Written by on 22 February 2021

A 14-year-old girl has told Sky News she feels “blessed to have a second chance at life” after having a heart transplant using a donor organ that had started beating again thanks to a new machine.

Freya Heddington was only the second child ever to have their life saved by the pioneering technology, which had previously been tried just in adults.

She is one of six British youngsters, aged from 12 to 16, who have now had such transplants with the help of the heart-in-a-box machine called an organ care system (OCS) – in what are world-first cases by NHS doctors.

And all the transplants have happened during the coronavirus pandemic.

Warning: Video at the bottom of this story shows a heart being kept alive by a machine

The main entrance to the Great Ormond Street hospital for children in central London.

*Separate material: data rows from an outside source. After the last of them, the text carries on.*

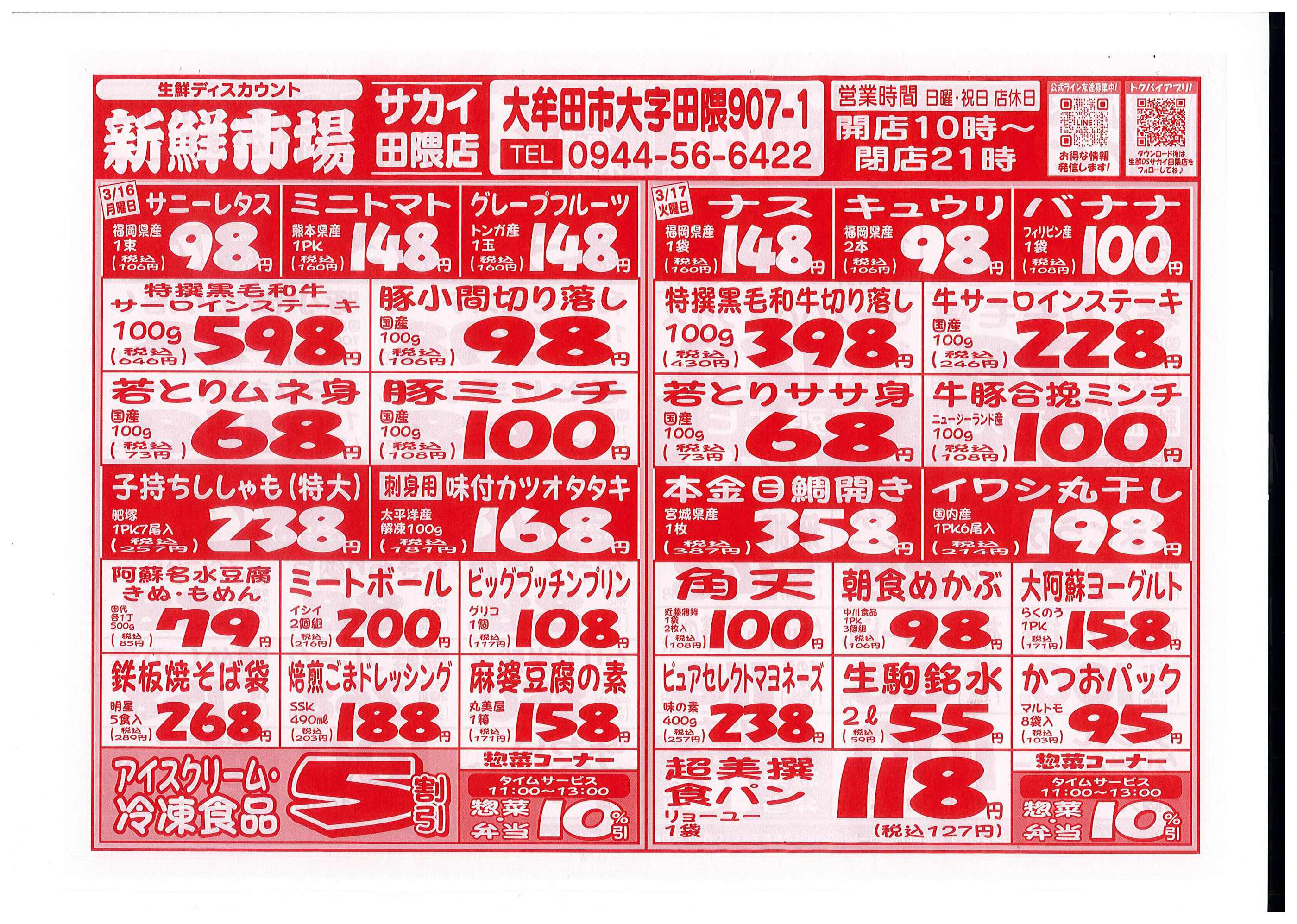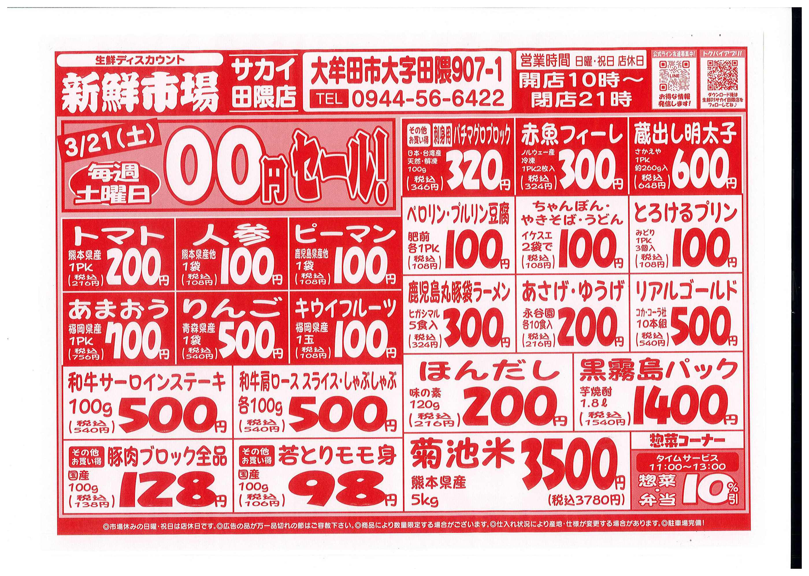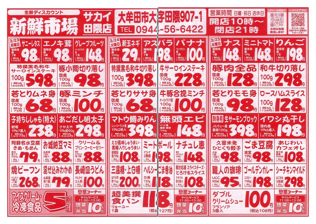 新鮮市場サカイ田隈本店今週のチラシ(2026年3月30日〜4月5日)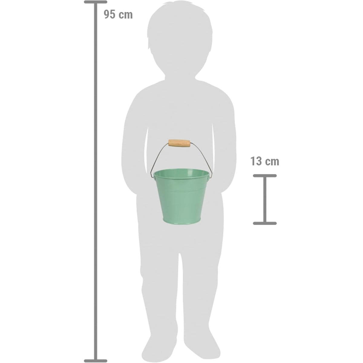 Incluye tres herramientas de jardín (pala, rastrillo y pala ancha) junto con un cubo metálico resistente, ideal para recoger y transportar materiales durante el juego. Gracias a su tamaño adaptado, es muy fácil de manejar para niños y niñas.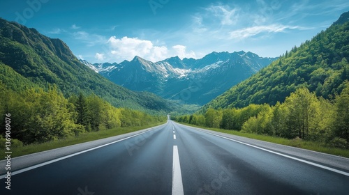 Asphalt highway road and green forest with mountain natural landscape under blue sky : Generative AI.

Image: The heart transplants were carried out at Great Ormond Street Hospital in central London

The “game-changing” technique, known as donation after circulatory death (DCD), has successfully expanded the donor pool and increased the number of transplants for eligible children in the UK by 50%.

Donated hearts have historically been from people who are brain dead but their hearts are still beating, which limits the scope for how many transplants are possible.

And on average, children have to wait two-and-a-half times longer than adults for hearts to become available.

DCD not only allows more hearts to be used, it also allows them to be transported further distances and gives surgeons and nurses more time.

Freya Heddington Image: Freya outside Great Ormond Street Hospital. Pic: Heddington family Freya Heddington's parents Jason and Kati Image: Freya’s parents Jason and Kati

Freya, from Bristol, had the transplant last February by surgeons at London’s Great Ormond Street Hospital (GOSH) in collaboration with Royal Papworth Hospital medics after she was diagnosed with restrictive cardiomyopathy.

This is where the muscle walls of the heart’s lower chambers become stiff and its movement is constricted.

The rare condition caused her to suffer shortness of breath, fainting and she often felt weak.

Freya said: “Before my transplant I was really breathless, I was passing out, I couldn’t walk up the stairs. I could barely walk around my own school.

“Now I can go out, I don’t pass out anymore, I’m not as breathless and I can walk for longer distances.”

She also describes feeling “amazed” that she was one of the first, saying: “I feel so lucky and just blessed to have a second chance at life and to know that I have a future like my friends and family do.”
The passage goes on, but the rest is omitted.